Several characters from ancient Babylon are introduced, most of whom I could relate to in one way or another.  There were some common sense, “of course” kind of lessons in the stories, but there were also some unexpected lessons that hit home for me.  One in particular had to do with procrastination, and why it can be costly to put off important decisions.

It is very creative and timely – I intend to give this book to kids in my family as they graduate from high school.

Amazon:  The Richest Man in Babylon

Inspiration at 33%

April 9, 2008

Hey I found a new podcast today, and I’ve listened to almost all of the new, 2008 podcasts.  It is called “No Credit Needed, or NCN for short.  I liked the name so much I just had to listen.  It’s basically an informal, humorous podcast by a normal guy who has worked his way out of debt and likes to talk about personal finance.  I’m not sure what his name is – online he seems to go by “NCN.”

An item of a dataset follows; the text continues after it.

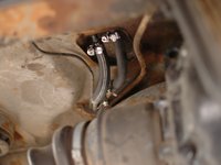 Look up at the end of the engine arms for a second look, from below, at the engine mounts. See that they are still holding the engine well up and away from the sub-frame and also that they do not look dry-rotted or otherwise deteriorated.

The No Credit Needed website:  www.ncnblog.com

I like that he uses the same principles that Dave Ramsey teaches, so it’s nice to get another perspective to help balance things out.  It also helps that he’s willing and able to laugh at himself; in fact, even though he offers much of the same advice that Dave Ramsey teaches, the light hearted nature of his podcast is a welcome change.

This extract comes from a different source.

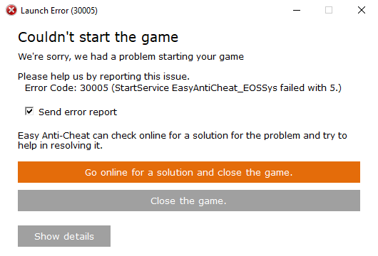 # Ошибка запуска - StartService EasyAntiCheat\_EOSSys failed with 5.

Something he provides at his website is that you can sign up for a chart to show how much you’ve paid off, or towards a goal.  It inspired me to take a look at where I’m at – actually how far I’ve come would be more accurate.  I added up all the debt I had in 2007, in order to see what percentage I’ve paid off so far.  I had thought I had paid off more – but in fact, I have only paid off 33% of the total so far.  At first I was a little disappointed – I mean, only 33%?  But considering the time goals I’ve set for myself – it is right on target.  And hey, that 33% represents a considerable chunk of change.  I know in my heart that I’ve done everything I could to pay as much as I could since I started – so aside from a serious windfall, it’s the best I could do.  I have plenty of reason to feel good about where I’m at – and more importantly, that I’m still on-track and well on my way.

Opportunity vs. Loyalty

April 8, 2008

I’m faced with a very difficult decision. I can’t provide too many details, except that I was approached by another company with the possibility of employment.

Jumping ship.

Okay so normally that’s not such a bad thing, but as with most drama, there’s more to it. I’m a web developer, and I started right out of college about 10 years ago. As you can imagine, I’ve witnessed my share of layoffs. So job stability has not been something I’ve counted on, although I’ve managed to survive all but one layoff throughout my career. I’m either doing something right – or extremely lucky.

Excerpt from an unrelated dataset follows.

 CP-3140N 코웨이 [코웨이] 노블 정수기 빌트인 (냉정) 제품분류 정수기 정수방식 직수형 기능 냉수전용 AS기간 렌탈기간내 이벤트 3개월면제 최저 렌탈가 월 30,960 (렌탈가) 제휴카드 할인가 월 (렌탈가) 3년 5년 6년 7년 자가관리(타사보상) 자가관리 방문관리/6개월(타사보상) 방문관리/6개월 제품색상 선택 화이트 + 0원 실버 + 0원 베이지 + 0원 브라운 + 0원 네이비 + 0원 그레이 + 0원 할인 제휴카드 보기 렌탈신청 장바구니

I started working for the company I now work for, almost 2 years ago. This was one of the first companies I really wanted to work for. The product they provide is something I really believe in, and feel that they’re not just trying to make as much money from the consumer as possible. The product is well worth what they charge, and probably more important – I and my friends, and my family all use it on a regular basis.

In the past 2 years we’ve had a few layoffs though. I hate layoffs for obvious reasons, but with this company it really scares me because I really want to work there. I told a coworker a few weeks ago that I can get a paycheck anywhere -I don’t need to work there – but I want to because I believe in what I’m doing. I also like the people I work with.

So. The dilemma? I’m not confident that my job is stable – and another company has approached me and wants me to interview with them.

I agreed to the interviews, and scheduled a vacation day with my current employer for that day. The new company is doing some really neat things – I would certainly be challenged intellectually, but I’m not yet sure how much I can believe in their product – it’s not that I don’t – I just don’t yet know enough about them. I’m doing my homework though – and paired with the interviews, I ought to know enough this week.

I can’t help but feel guilty. At work today I had a hard time looking people in their eyes – I felt like I was betraying them. My sense of loyalty is probably one-sided. I’m sure they would lay me off in a heartbeat if it was right for the company. They’ve done it to others.

Welcome to 21st Century Corporate America.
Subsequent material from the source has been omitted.